● **AIM OF THE TASK**
Your copy should hold exactly the lines from the beginning of the listing below through the line with "Высококонцентрированное пенящееся чистящее", without any pictures.

● **DATASET EXCERPT**
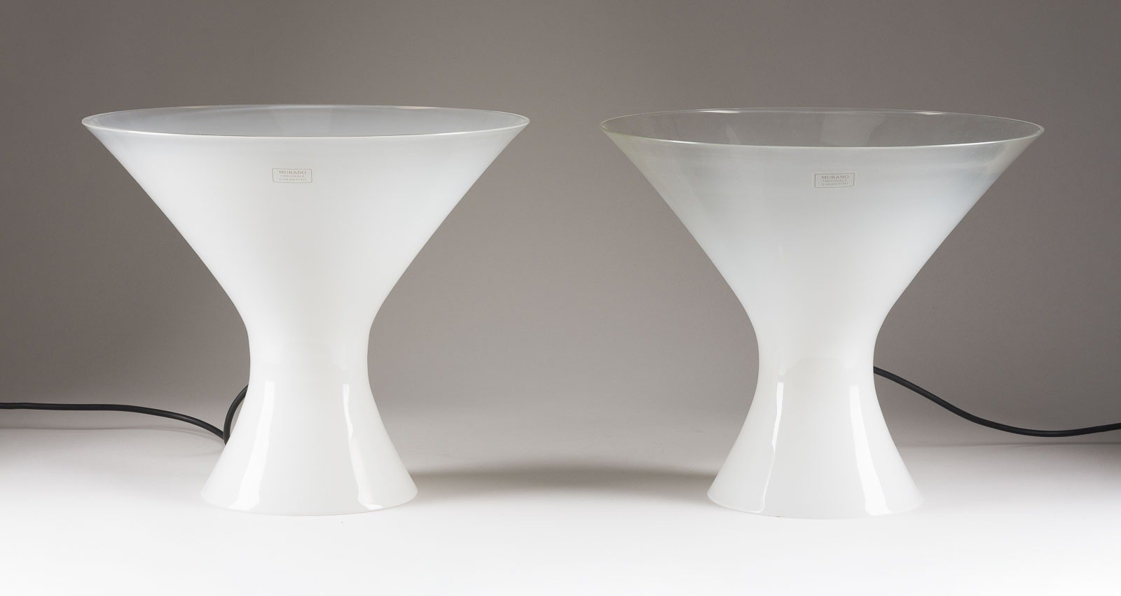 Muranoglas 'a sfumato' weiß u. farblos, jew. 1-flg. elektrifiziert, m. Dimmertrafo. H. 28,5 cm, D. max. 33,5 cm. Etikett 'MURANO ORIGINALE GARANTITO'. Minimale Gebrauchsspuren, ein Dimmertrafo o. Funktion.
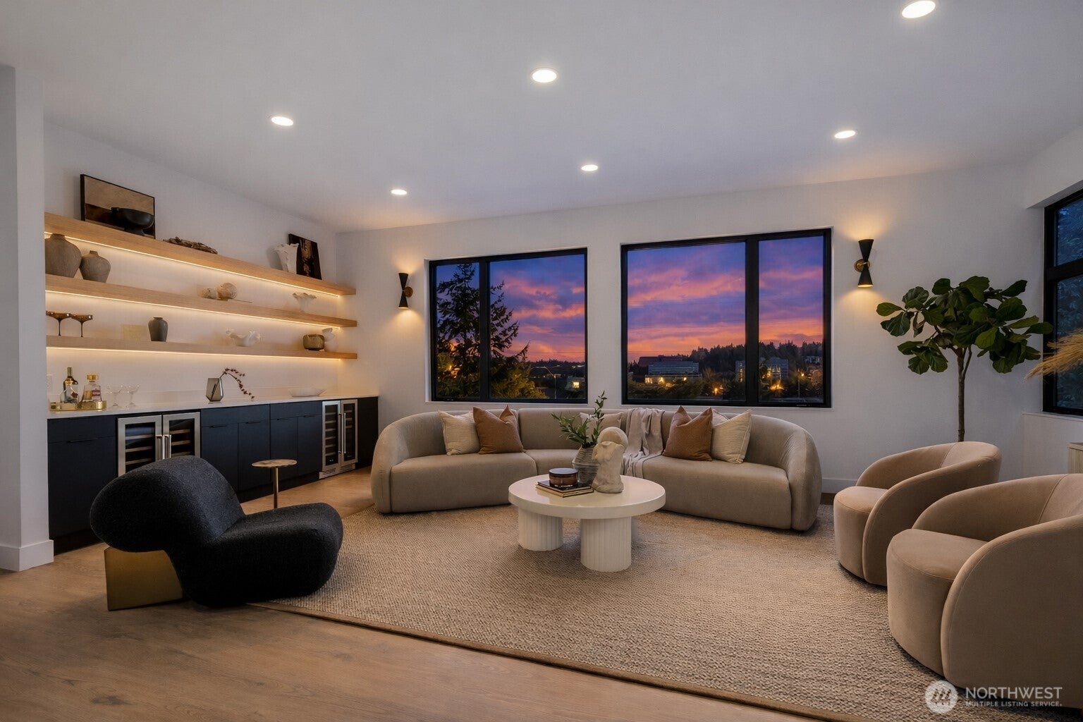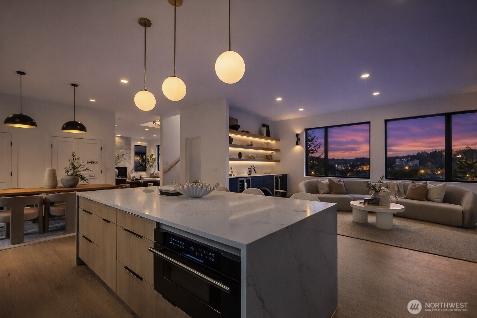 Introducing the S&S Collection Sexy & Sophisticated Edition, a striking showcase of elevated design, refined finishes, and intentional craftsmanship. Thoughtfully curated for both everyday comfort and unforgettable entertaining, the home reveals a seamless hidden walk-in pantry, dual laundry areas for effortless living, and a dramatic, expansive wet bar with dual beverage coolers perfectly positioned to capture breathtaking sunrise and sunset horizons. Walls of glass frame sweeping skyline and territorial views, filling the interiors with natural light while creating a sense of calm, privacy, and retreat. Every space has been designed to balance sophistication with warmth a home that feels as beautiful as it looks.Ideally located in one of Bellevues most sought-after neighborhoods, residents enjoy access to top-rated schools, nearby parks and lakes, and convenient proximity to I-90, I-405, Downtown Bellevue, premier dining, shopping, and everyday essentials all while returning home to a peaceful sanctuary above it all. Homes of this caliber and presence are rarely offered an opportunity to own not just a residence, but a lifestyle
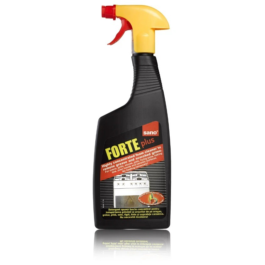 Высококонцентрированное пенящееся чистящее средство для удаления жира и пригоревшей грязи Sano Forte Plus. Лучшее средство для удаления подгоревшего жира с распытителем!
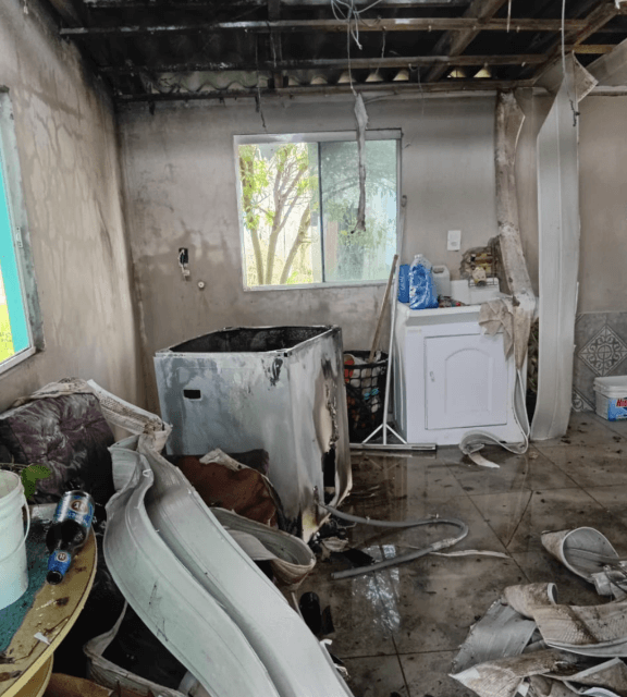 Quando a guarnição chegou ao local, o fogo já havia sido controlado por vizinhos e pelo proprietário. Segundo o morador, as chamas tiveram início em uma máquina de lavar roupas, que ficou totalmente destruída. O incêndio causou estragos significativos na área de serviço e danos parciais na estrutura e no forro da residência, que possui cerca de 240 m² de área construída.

● **SOLUTION TO THE PROBLEM**
 Muranoglas 'a sfumato' weiß u. farblos, jew. 1-flg. elektrifiziert, m. Dimmertrafo. H. 28,5 cm, D. max. 33,5 cm. Etikett 'MURANO ORIGINALE GARANTITO'. Minimale Gebrauchsspuren, ein Dimmertrafo o. Funktion.
 Introducing the S&S Collection Sexy & Sophisticated Edition, a striking showcase of elevated design, refined finishes, and intentional craftsmanship. Thoughtfully curated for both everyday comfort and unforgettable entertaining, the home reveals a seamless hidden walk-in pantry, dual laundry areas for effortless living, and a dramatic, expansive wet bar with dual beverage coolers perfectly positioned to capture breathtaking sunrise and sunset horizons. Walls of glass frame sweeping skyline and territorial views, filling the interiors with natural light while creating a sense of calm, privacy, and retreat. Every space has been designed to balance sophistication with warmth a home that feels as beautiful as it looks.Ideally located in one of Bellevues most sought-after neighborhoods, residents enjoy access to top-rated schools, nearby parks and lakes, and convenient proximity to I-90, I-405, Downtown Bellevue, premier dining, shopping, and everyday essentials all while returning home to a peaceful sanctuary above it all. Homes of this caliber and presence are rarely offered an opportunity to own not just a residence, but a lifestyle
 Высококонцентрированное пенящееся чистящее средство для удаления жира и пригоревшей грязи Sano Forte Plus. Лучшее средство для удаления подгоревшего жира с распытителем!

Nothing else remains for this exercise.